In this section will will deploy a https://huggingface.co/ibm-granite/granite-3.0-8b-instruct[Granite 3.0 8B Instruct] model using vLLM.

For our Model Server we will be deploying a vLLM instance using a model packaged into an OCI container with ModelCar.

[NOTE]
====
ModelCar is Tech Preview as of OpenShift AI 2.14.
ModelCar is a great option for smaller models like our 8B model. While it is still a relatively large container (15Gb) it is still reasonable to easily pull into a cluster.
Treating the model as an OCI artifact allows us to easily promote the model between different environments using customers existing promotion processes. By contrast, dealing with promoting models between S3 instances in different environments may create new challenges.
====

== Creating the vLLM Instance

# Instructions for setting up vLLM instance with granite using oci
Since we are using a ModelCar container to deploy our model instead of S3, we will need to deploy the resources without the OpenShift AI Dashboard.

. To start, With the `redhat-ods-applications` namespace selected, navigate to Developer perspective in the OpenShift Web Console. From the `+Add` page, select `All Services`.

image::01-add-catalog.png[Add Catalog]

. Search for `vLLM` and select the `vLLM ServingRuntime for KServe` template

image::01-select-template.png[Select Template]

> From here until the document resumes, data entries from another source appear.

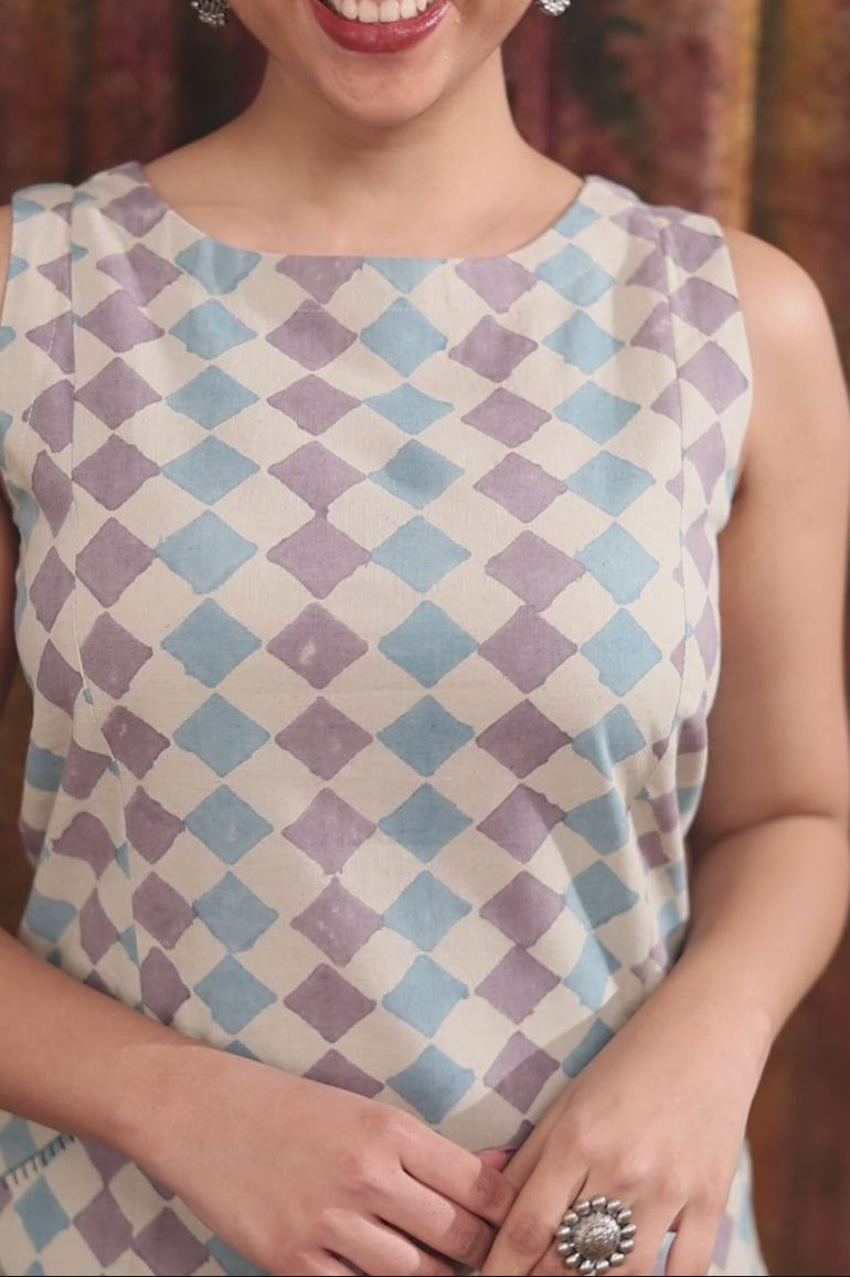 Purple Blue Sanganeri Cotton Linen Women Midi Dress Sleeveless WDRSL253C18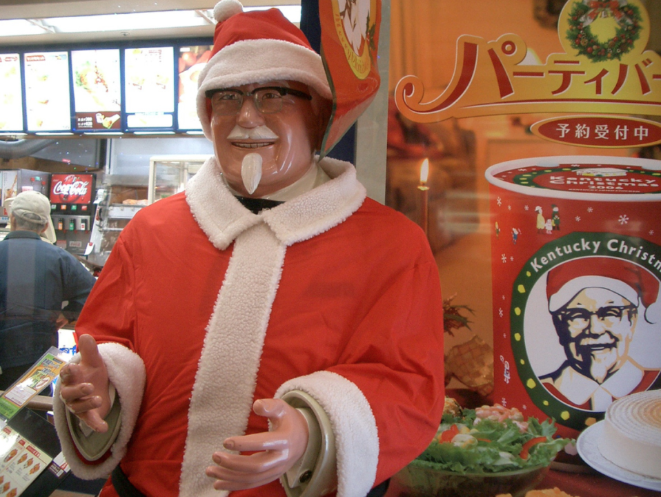 - Japan: Although Christmas is not a national holiday in Japan, it doesn’t stop the Japanese from celebrating it with some fried chicken. KFC ran the first Christmas campaign in Japan back in 1974, and since then, it has become something of a Christmas tradition.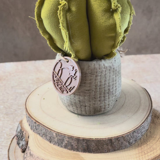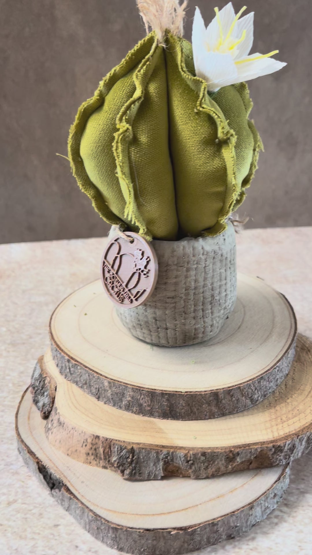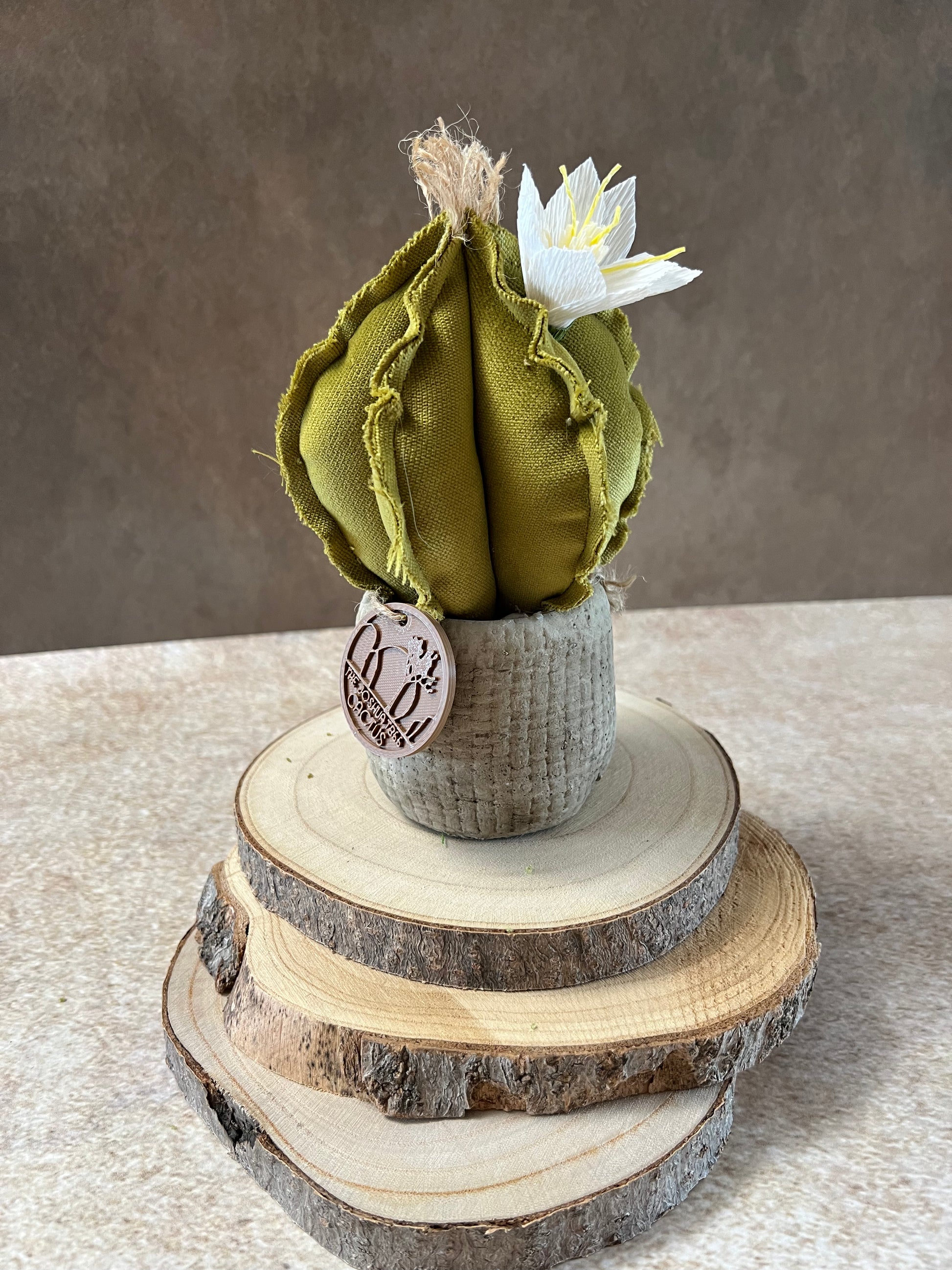 Mini Cactus in velluto verde, vaso in ceramica opaca simil cemento.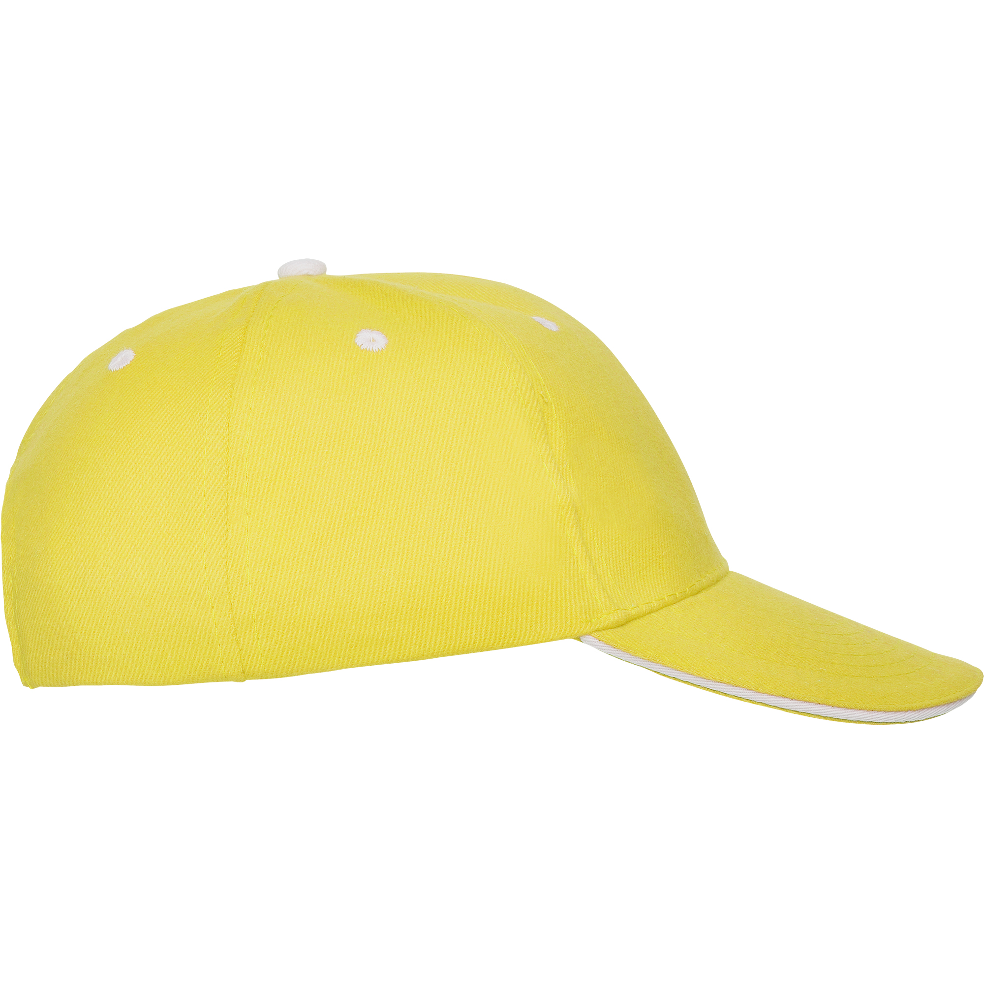Gorra de 5 paneles con sándwich a contraste. 6 líneas de pespunte en visera. Cuatro agujeros de ventilación. Cinta interior

. Choose to `Instantiate Template`. Select the `composer-ai-apps` project and click `Create`

image::01-instantiate-template.png[Instantiate Template]

The vLLM ServingRuntime for KServe `Template` is the same template that the OpenShift AI Dashboard uses when deploying a new instance. Unlike the Dashboard though, the template with just create the `ServingRuntime` object and not the `InferenceService`.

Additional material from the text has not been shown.